Примечательно и то, что попытки перевести его изложение увиденного Мореходом в визуальный ряд дают картинку, похожую на виды Вавилонской башни в европейской живописи эпохи Возрождения. Скорее всего, совпадение это в чем-то случайное, но, тем не менее, символичное, поскольку вся жизнь Соляриев, как они себя называли, взаимосвязана со знаниями о Вселенной, о движении планет. То есть здесь заявлена оказалась попытка в познании природного и космического подняться на невероятную высоту истину, в чем. скорее всего, заметен элемент гордыни. Тем не менее, Кампанелле удалось воссоздать словом емкий и выразительный образ города-государства, который в своей ясности и четкости доступен пониманию без дополнительных комментариев. Город,  возведенный на холме, поднимается ввысь вроде башни Татлина. В нём семь поясов, которые отделены друг от друга значительным пространством. В каждом из поясов есть жилые помещения, места для работы (на нижнем этаже), места для обучения (на верхнем этаже), галереи для прогулок и даже общественные бани. Таким образом, каждый ярус есть как бы самостоятельный город или квартал, в котором предусмотрено все, что необходимо для проживания здесь продолжительное время – от каналов для сточных вод до мест для прогулок. Притом, что площадь города просто велика – диаметр его 2 мили, а длина окружности – 7 миль, он со стороны мог казаться не подавляющим воображение. Связано это могло быть с тем. что, по мнению иллюстраторов книги Кампанеллы, каждый следующий ярус уменьшен был по диаметру, так что с любой стороны город этот представлял правильную пирамиду, в которой были заметны красивые окна, арки, а ворота, через которые горожане входили в город, как-то разрежали монотонность визуального ряда в каждом из уровней.
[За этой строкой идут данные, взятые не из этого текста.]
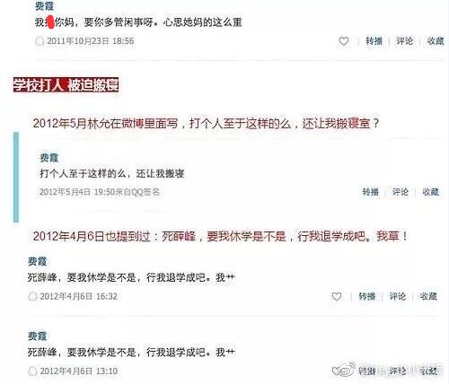 ![]() 在贴吧里面,还有网络上还流传这一些视频、图片来证明林允校园霸凌事件,比如下图2012年的时候疑似“费霞”的账号发布了一些信息如下,这些信息里面疑似“费霞”的人说:“打个人至于这样的么,还让我搬寝”,被网友认为是林允校园暴力的证据之一。 ![]() 下面是有微博网友(https://weibo.com/u/6332953180)关于林允校园暴力事件真相的澄清,比较长: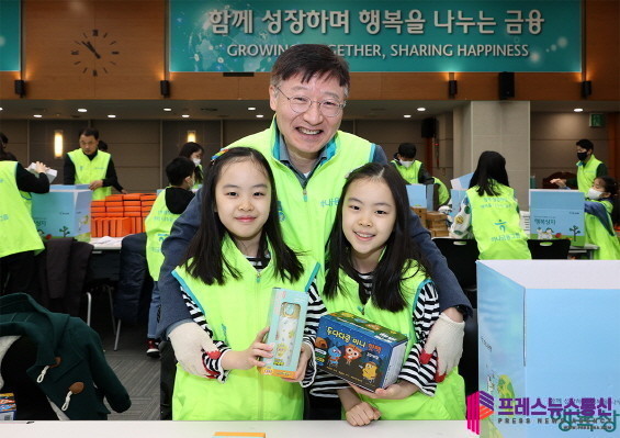 | ▲ 하나금융그룹은 지난 25일 오후 서울시 을지로 명동사옥에서 지진 피해를 입은 튀르키예를 지원하고자 그룹 임직원들의 봉사활동을 통해 긴급 구호물품을 담은 행복상자를 제작해 전달했다. 이날 봉사활동에 참석한 이승열 하나은행장(사진 가운데)이 아동용 방한용품을 들고 있는 직원 자녀들과 함께 활짝 웃으며 기념촬영을 하고 있다.(사진=하나금융그룹) |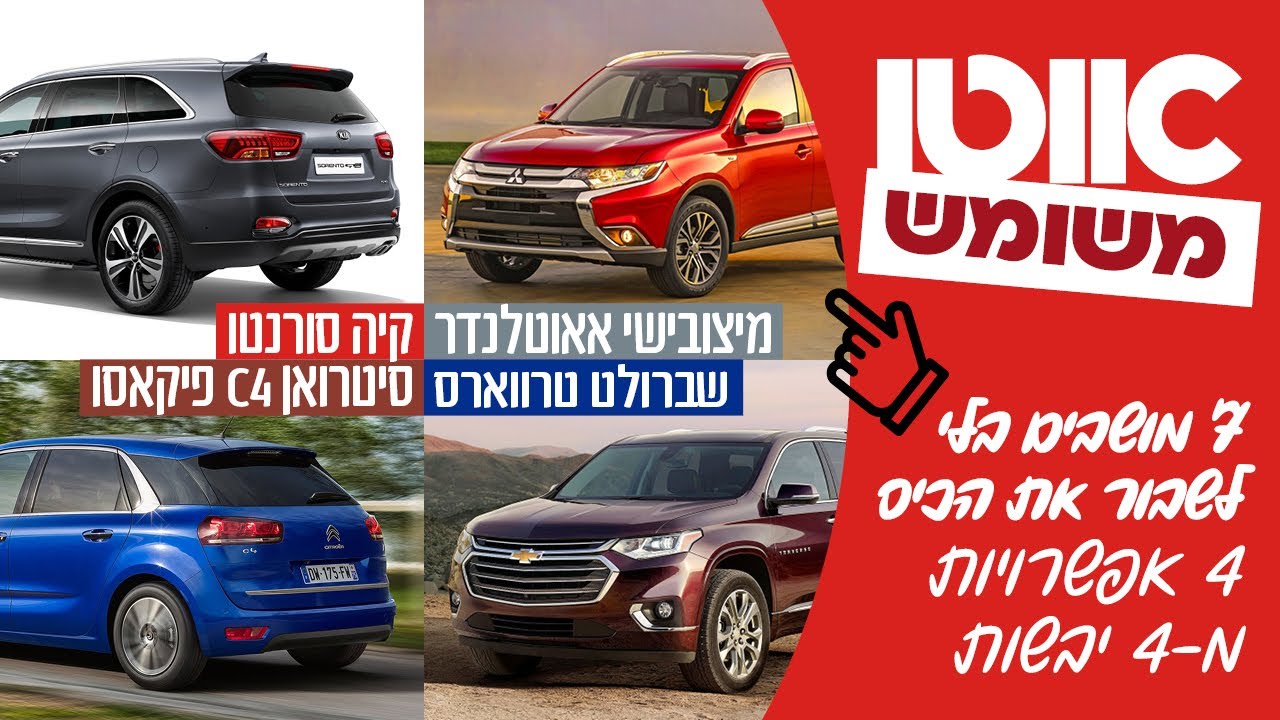 זקוקים לרכב שיניע את כל המשפחה? מתבלטים בין מיניוואן או ג'יפ? הנה 4 אופציות, כל אחת מיבשת אחרת לכל הפרטים, מחירים, אבזור ועוד כנסו לדף הדגם קיה סורנטו https://bit.ly/3VNRLZd מיצובישי אאוטלנדר https://bit.ly/3s4KQNu שברולט טרווארס https://bit.ly/3yRddCx סיטרואן C4 פיקאסו https://bit.ly/3T9wozv לייעוץ אובייקטיבי בחינם לפני קניה של כל סוגי הרכב היכנסו לאתר https://www.auto.co.il/?utm_source=Youtube&utm_medium=Video&utm_campaign=Youtube_desc&utm_content=defaults להרשמה לערוץ "אוטו TV" וסרטונים נוספים לחצו כאן https://www.youtube.com/c/autotv-israel?sub_confirmation=1 הגשה: גיא גיאור & איתי שטיינברג צילום ועריכה: עזרא רפאל

Особенно укрепленным задумывался автором книги первый ярус города. Здесь предусматривалось возведение земляного вала, рвов, бастиона, сторожевых башен. В несколько упрощенном виде что-то подобное имелось и на каждом ярусе. Кампанелла уверенно сообщает устами Морехода, что взять такое укрепление вряд ли оказывалось возможным. И неприятелю для того, чтобы захватить новый ярус потребуется много больше сил, чем для овладения предыдущего яруса. Следовательно, он имел в виду нечто похожее на средневековый замок, но в своей самостоятельности и своей универсальности  доведенное до максимального предела. (Надо думать, что уверенность автора «Города Солнца» в разговоре о высокой степени защищенности этого архитектурного шедевра была в чем-то преувеличена, но тем не менее Солярии действительно, строили на века и не жалели материала и сил на укрепление стен, так что и разрушить это сооружение тоже было бы не так просто, даже и в последующие века при наличии мощных пушек и бомбометания). По существу итальянский философ и священник описал в своем труде уже не дом – машину для жилья, которую полвека назад в Марселе построил Корбюзье, а город – машину для жилья, то, что может существовать автономно снизу доверху и как единое целое.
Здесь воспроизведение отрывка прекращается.